Generally, if we find a hot method with a very complex conditional statement, we should try to separate the content of the if-statement and increase the granularity so that the JIT can optimize the code. The same goes for the switch and for-loop statements.
We can conclude that a manual method inlining is something that we don’t need to do in order to optimize our code. The JVM does it more efficiently, and we would possibly make the code long and hard to follow.
4.1. Example
Let’s now see how we can check this in practice. We’ll first create a simple class that calculates the sum of the first N consecutive positive integers:
public class ConsecutiveNumbersSum {
private long totalSum;
private int totalNumbers;
public ConsecutiveNumbersSum(int totalNumbers) {
this.totalNumbers = totalNumbers;
}
public long getTotalSum() {
totalSum = 0;
for (int i = 0; i < totalNumbers; i++) {
totalSum += i;
}
return totalSum;
}
}Next, a simple method will make use of the class to perform the calculation:
private static long calculateSum(int n) {
return new ConsecutiveNumbersSum(n).getTotalSum();
}Finally, we’ll call the method a various number of times and see what happens:
for (int i = 1; i < NUMBERS_OF_ITERATIONS; i++) {
calculateSum(i);
}In the first run, we’re going to run it 1,000 times (less than the threshold value of 10,000 mentioned above). If we search the output for the calculateSum() method, we won’t find it. This is expected since we didn’t call it enough times.
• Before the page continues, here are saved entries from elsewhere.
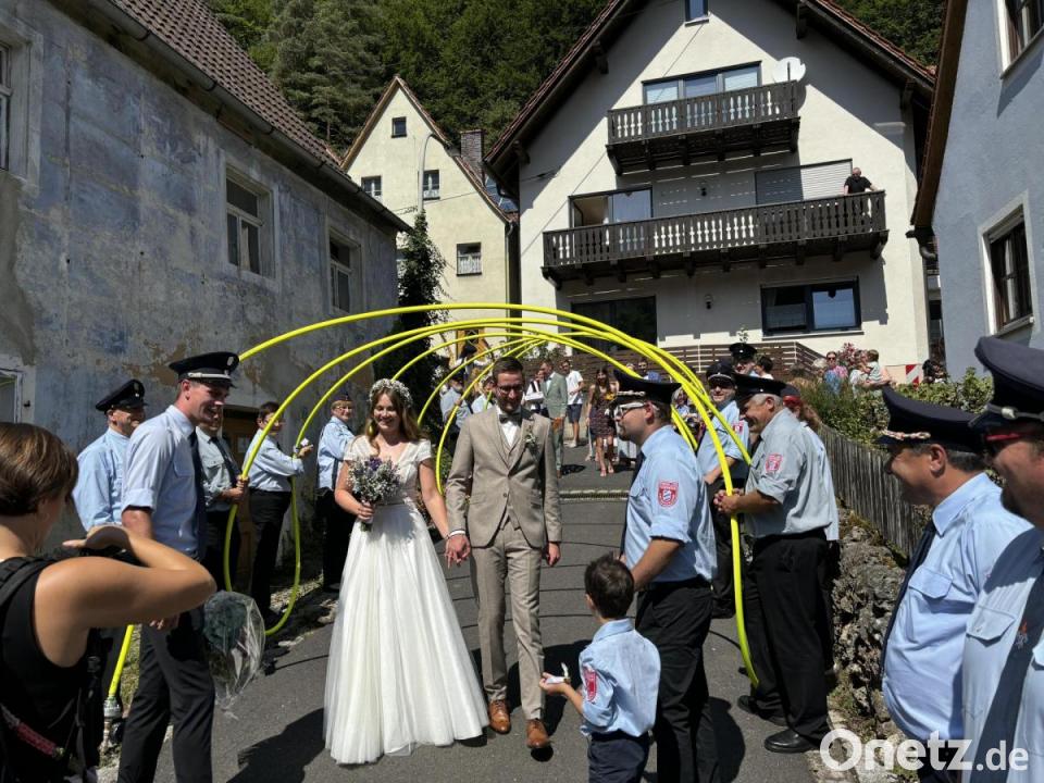 In der Kirche St. Wolfgang in Hirschbach besiegelte Diakon Bernd Deyerl am Samstag, 24. August, die Ehe von Theresa und Johannes Appel. Bereits im Juli hatten sie sich im Standesamt in Eschenfelden vor Bürgermeister Hermann Mertel das Jawort gegeben. Nach der Trauung standen die Feuerwehren Achtel und Eschenfelden, die Mitglieder der Kirwagemeinschaft Eschenfelden, die Kirwaleut' aus Großenfalz, die Schützenvereine aus Neutras und Großenfalz, die Hirschbacher Wasserwacht und der Kindergarten Eschenfelden Spalier. Mit einem langen Autokorso ging es dann zur weltlichen Feier nach Unterklausen bei einer Stodlhochzeit auf dem elterlichen Anwesen des Bräutigams. Dort wurde das Brautpaar mit Salutschüssen und Musik der Achtler Feuerwehrkapelle empfangen.
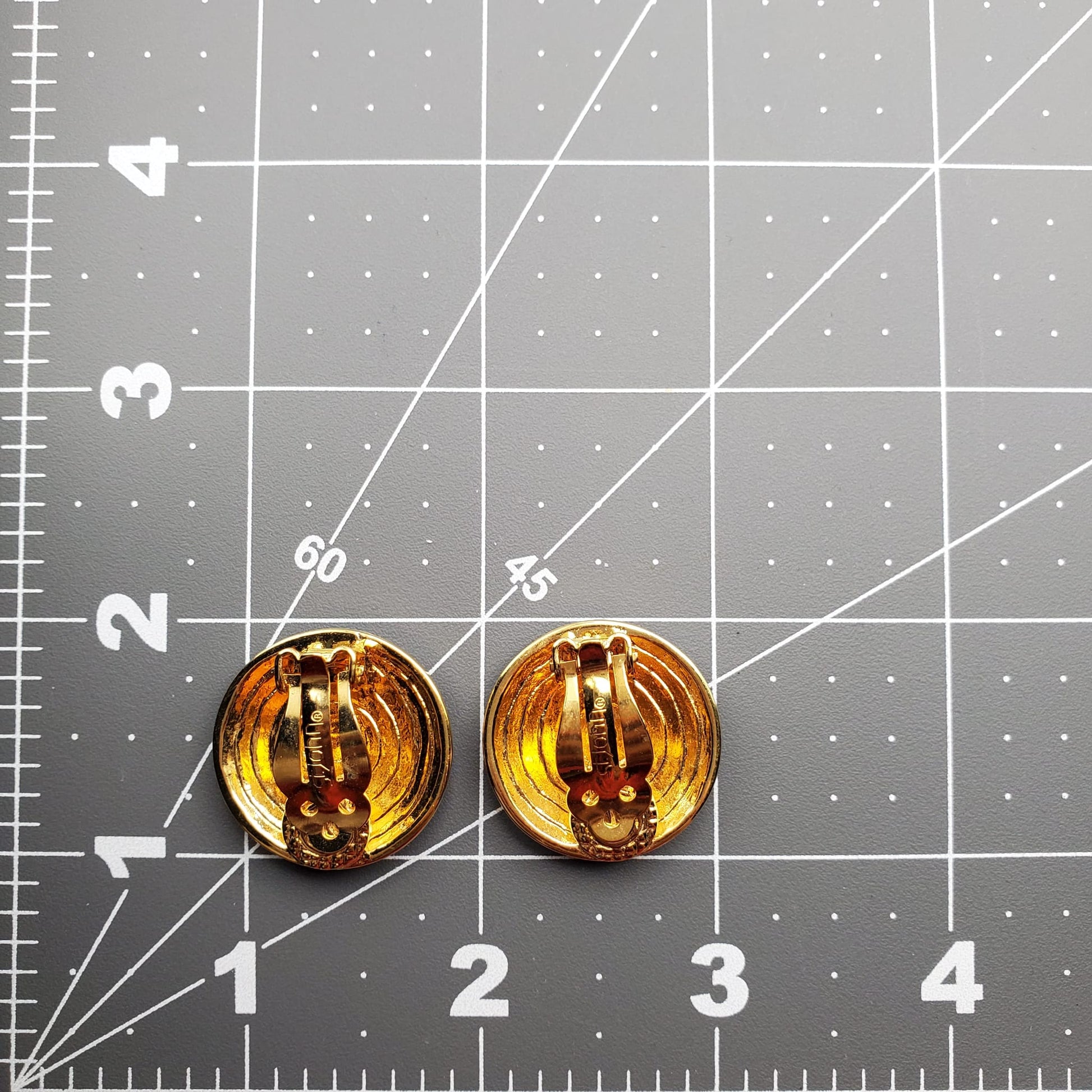 Vintage ST. JOHN Navy Blue Enamel, Gold Tone SJ Logo Runway, Designer Clip On Earrings
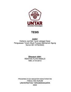 Rinaldi, Renitha Putri (2023) Kwitansi Jual Beli Tanah sebagai Dasar Penguasaan Tanah (Studi Putusan Mahkamah Agung Nomor 801 K/Pdt/2022). Masters thesis, Universitas Tarumanagara.
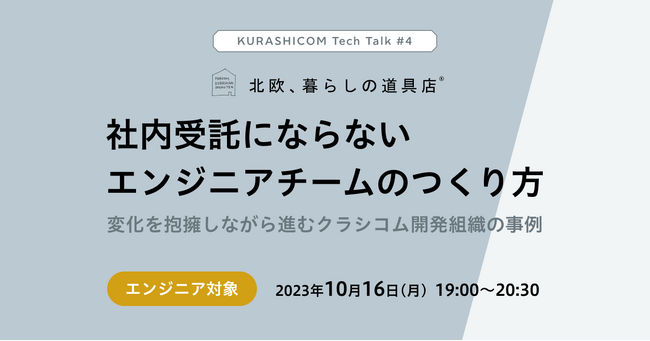 ライフカルチャープラットフォーム「北欧、暮らしの道具店 」において、雑貨や衣類などの開発・販売、メディア運営などを行う株式会社クラシコム(本社:東京都国立市、代表取締役社長:青木耕平、以下「当社」)は、 2023年10月16日(月)19:00-20:30 エンジニア向けトークイベント「KURASHICOM Tech Talk #4」を「社内受託にならないエンジニアチームのつくり方」をテーマに開催します。(URL: https://connpass.com/event/297590 )
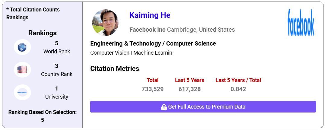 深度残差网络(ResNets)之父——何恺明,成为全球第五位高被引科学家。
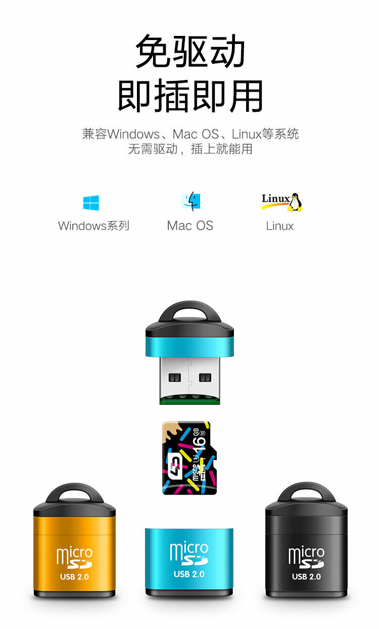 Устройство чтения карт памяти, алюминиевый корпус, с цепочкой, USB2.0, T-Flash, зеленый интересное:

If we now change the number of iterations to 15,000 and search the output again, we’ll see:
664 262 % com.baeldung.inlining.InliningExample::main @ 2 (21 bytes)
@ 10 com.baeldung.inlining.InliningExample::calculateSum (12 bytes) inline (hot)We can see that this time the method fulfills the conditions for inlining and the JVM inlined it.
It’s noteworthy to mention again that if the method is too big, the JIT won’t inline it, regardless of the number of iterations. We can check this by adding another flag when running the application:
-XX:FreqInlineSize=10As we can see in the previous output, the size of our method is 12 bytes. The -XX:FreqInlineSize flag will limit the method size eligible for inlining to 10 bytes. Consequentially, the inlining shouldn’t take place this time. And indeed, we can confirm this by taking another look at the output:
330 266 % com.baeldung.inlining.InliningExample::main @ 2 (21 bytes)
@ 10 com.baeldung.inlining.InliningExample::calculateSum (12 bytes) hot method too bigAlthough we’ve changed the flag value here for illustration purposes, we must emphasize the recommendation of not changing the default value of the -XX:FreqInlineSize flag unless absolutely necessary.
5. Conclusion
In this article, we saw what method inlining is in the JVM and how the JIT does it. We described how we can check if our methods are eligible for inlining or not and suggested how to make use of this information by trying to reduce the size of frequently called long methods that are too big to get inlined.
Finally, we illustrated how we can identify a hot method in practice.